A federal court in California recently sided with twenty-six state attorneys general and several objectors in rejecting a proposed class action settlement that called for Honda to provide over 175,000 Honda Civic Hybrid owners a coupon worth no more than $1,000 toward purchasing a new Honda vehicle. In True v. American Honda Motor Co., No. EDCV07-0287-VAP(OPX) (C.D. Cal. Feb. 26, 2010), the plaintiffs alleged that Honda used false and misleading advertisements regarding the fuel efficiency of its Honda Civic Hybrid to induce customers to pay $2,500 more for the Hybrid than for the comparably equipped standard-engine Honda Civic, even though the Hybrid gets only marginally better gas mileage. Under the proposed settlement, class members were to receive a DVD with tips on how to improve their gas mileage, an opportunity to receive a rebate on the future purchase of another Honda, and, for less than two percent of the class, an opportunity to make a claim for $100. The settlement also provided that Honda would not oppose class counsel’s motion for nearly $3 million in attorneys’ fees.

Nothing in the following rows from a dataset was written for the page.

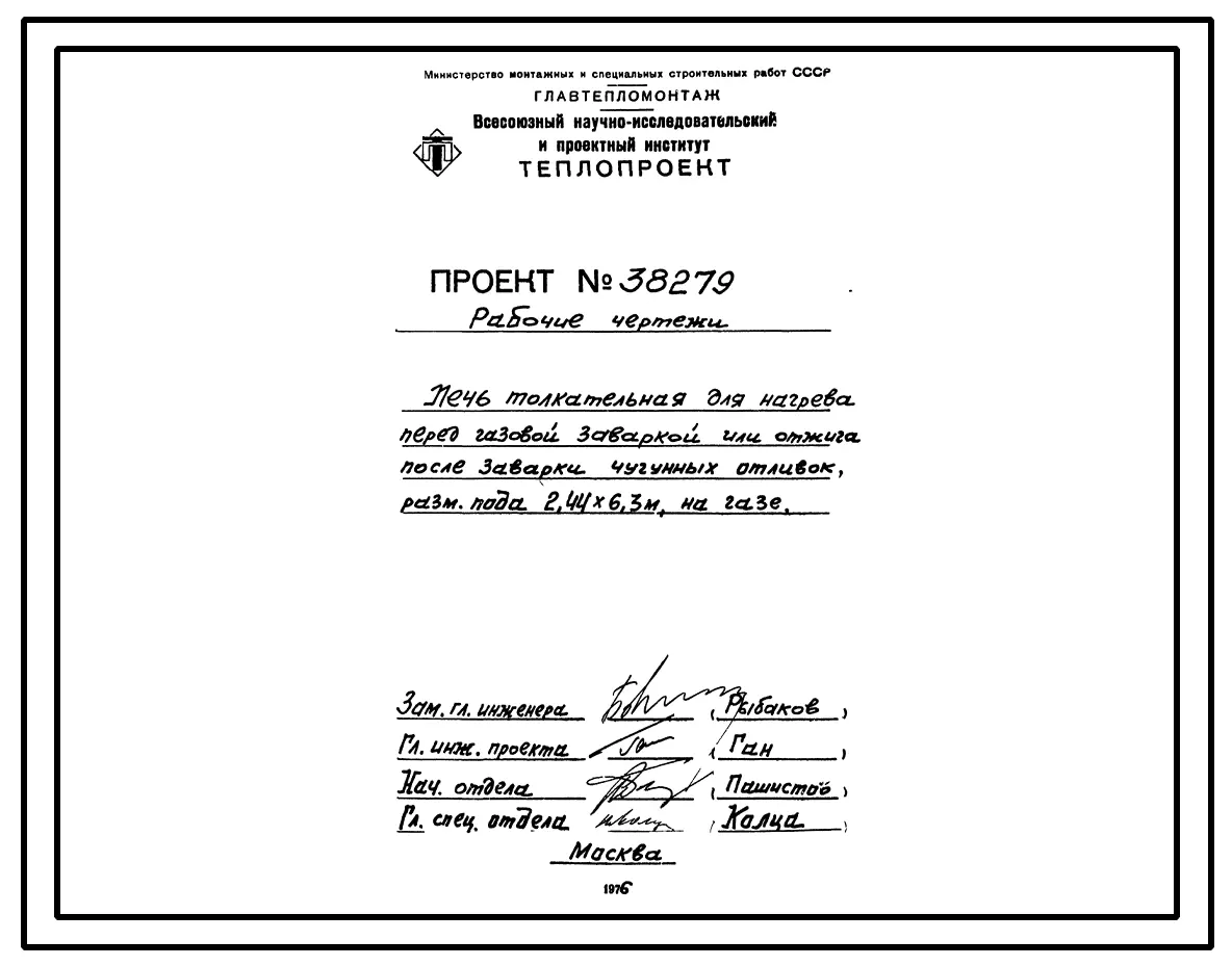 Проект 38279 Печь толкательная для нагрева перед газовой заваркой или отжига после заварки чугунных отливок, размером пода 2,44х6,3 м, на газе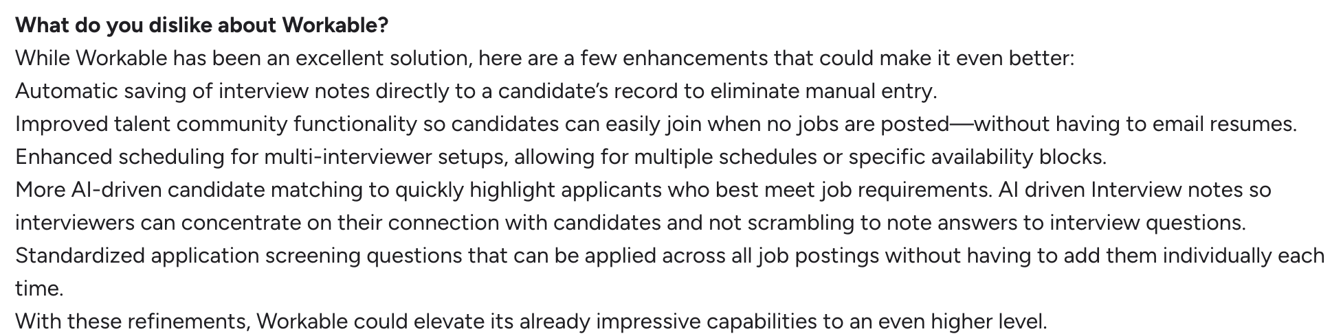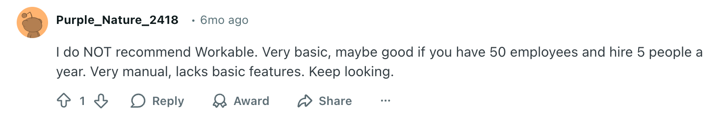 - Automation and AI feel surface-level: While Workable offers AI features, many users feel they don’t go deep enough to reduce manual effort. Screening, coordination, and insights still require significant hands-on work—especially at scale.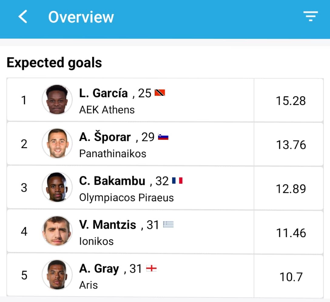 Η κατηγορία των xG έχει να κάνει βάσει της ποιότητας των ευκαιριών, πόσα γκολ έπρεπε να είχε πετύχει η κάθε ομάδα. Η ΑΕΚ θα έπρεπε λοιπόν να είχε πετύχει 3 γκολ παραπάνω από αυτά που πέτυχε τελικά, όντας στην πρώτη θέση. Ενώ αντίστοιχα ο Ολυμπιακός που πέτυχε 70 γκολ βάσει των ευκαιριών του, θα έπρεπε να είχε πετύχει 2 γκολ λιγότερα.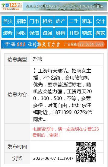 】工资每天现结。招聘女主播,2个名额,会用缝纫机优先,要求普通话标准,随机应变能力强,工资每天200,300,500,不等,多劳多得,时间自由,地址东汪镇附近,18713991027微信同步 【电话咨询时,请一定说明在宁晋123看到的,谢谢!】 |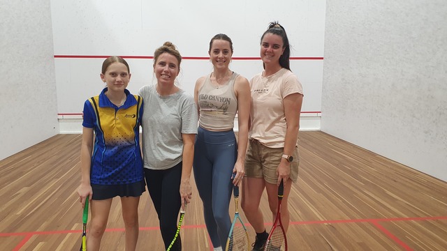 Congratulations to the golden girls of Gold City Steering who took out the C Grade Squash Socks Final on Wednesday night. They are (from left): Laura Wilcox, Teesh Cassar, Bee Scheuber, and Ange Higgins. (Supplied)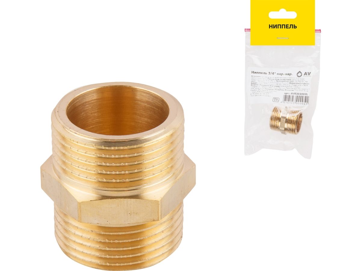 Ниппель 3/4″ нар.-нар., AV Engineering (инд. упак)

In an order entered on February 26, 2010, the court denied final approval of the settlement. Specifically, the court held that the proposed settlement’s award of a cash payment to only a select group of the class “creates the most significant obstacle to approval” of the settlement, and that the members of this sub-group were the only class members who would receive a true cash award in the settlement.
As the court explained, the Class Action Fairness Act (“CAFA”) requires federal judges to apply heightened scrutiny to a coupon settlement to determine whether the settlement is “fair, reasonable, and adequate for class members.” The attorneys general argued in their amici briefs that coupon settlements are inherently unfair because they require class members to do business once again with the company they sued in their lawsuit. While the True court held that not all coupon settlements are unfair, it found that in this instance, the proposed settlement failed in many respects, including that the rebate program was a coupon settlement that would have an extremely low redemption rate and “far less” value than plaintiffs suggested, and the vast majority of the class would receive “nothing more than a DVD of little value.”
Finally, the court also held that, in light of the low value of the settlement, an award of almost three million dollars in attorneys’ fees “would be unconscionable.”
Companies facing potential consumer class actions should note that attorneys general are reviewing the notices that settling defendants are required to send under CAFA, especially for settlements involving coupons.